After applying this patch, CONFIG_SYSTEM_BLACKLIST_HASH_LIST now works
like the other filename macros.  It seems like this would be a good
addition.

I have done some additional testing, I am seeing a regression. The blacklist 
keyring is no longer picking up any of the hashes from the dbx during boot. 
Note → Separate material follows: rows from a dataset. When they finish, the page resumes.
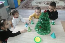 Якынлашып килүче Яңа ел бәйрәме уңаеннан кечкенәләр төркемендә тәрбияләнүчеләр кисеп ябыштыру эшчәнлегендә чыршы ясадылар һәм аны төрле төстәге түгәрәкләр белән бизәделәр.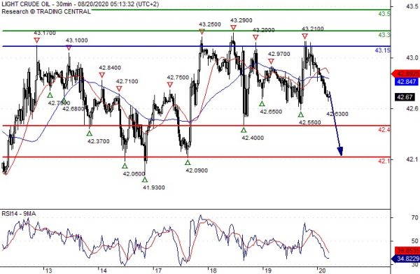 Alternative scenario Above 43.15 look for further upside with 43.30 & 43.50 as targets.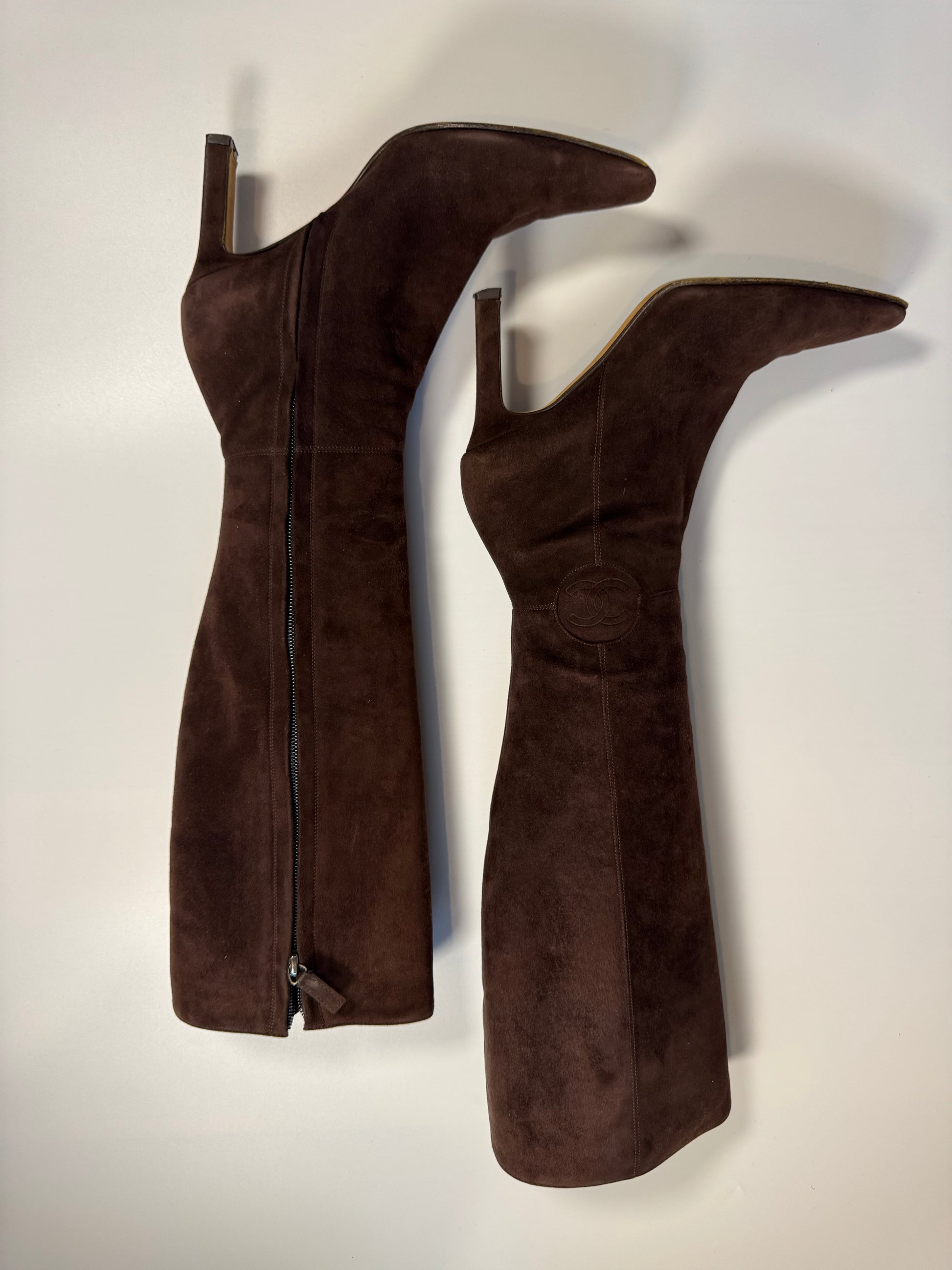 Elegant vintage Chanel knee-high boots crafted from rich brown suede leather, featuring a sleek, softly structured silhouette and a slim high heel. The design is finished with a subtle embossed Chanel logo at the calf and a discreet side zip, creating a refined yet timeless look that pairs beautifully with both dresses and tailored pieces.

I backed out the merge with my changes  (fdbbe7ceeb95090d09c33ce0497e0394c82aa33d) 
and still see the regression.  I then backed out Mickaël merge
(5bf1adccf5c41dbdd51d1f4de220d335d9548598) and it fixes the regression.

On a x86 with the updated dbx from uefi.org, I’d expect to see 234 bin hash entries
in the blacklist keyring.  With the current merged code, there is none.